Thursday, July 17, 2014: 10:54 AM
Room: Booth 64
Oral Presentation
Mariam JOHN MEYNERT , Center for Education, Department of Sociology, Lund University, Lund, Sweden
This paper presents one of the chapters in my Phil.lic dissertation on Conceptualising Childhood, Indian children as a social category are neither homogeneous nor monolithic. “Childhood” in Indian discourses represent “shifting set of ideas” developed over a period of time, and across different sub-cultures. In this paper I develop the intersections between childhood discourses in India and the West in order to show that childhood discourses (located in the West) documented in this study are getting percolated into Indian discourses due to globalization of childhood discourses, even as there are protests about childhood discourses being Eurocentric.
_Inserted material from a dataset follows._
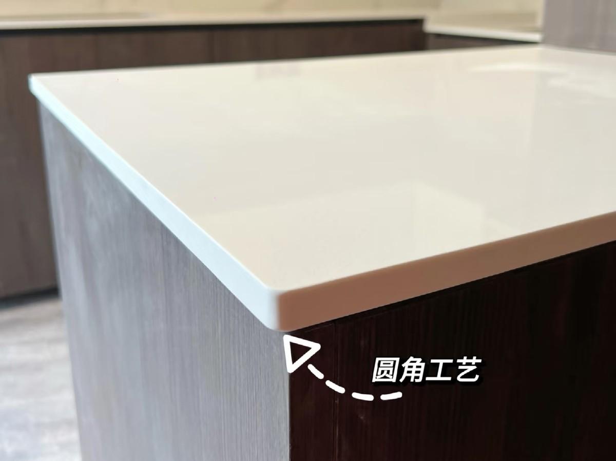 而這一次裝修,就接受了以前的教訓,把這個角做了鈍角處理。其實做法很簡單,就要求廠家將檯面外露的角打磨成一個圓角就可以了。

In both the West and in India plurality of childhoods have been acknowledged in discourses on Childhood. Indian sociological studies document multiplicity of childhoods which in turn depends on varying factors such as region, religion, caste, social class, gender, family structure, etc. What emerges from the study of texts on the subject, is that both India and the West children have been marginalization in sociological discourses on children until now. There is a perceived emergent decrease in patriarchal control of children by adults, with adult-child relations becoming more democratic and participatory, manifested in greater negotiation of control by children. The “Century of the Child” notable for the United Nations Convention on the Rights of the Child (1989) and the new Sociology of Childhood has brought children into the arena of International politics and academic debates in both the North and the South.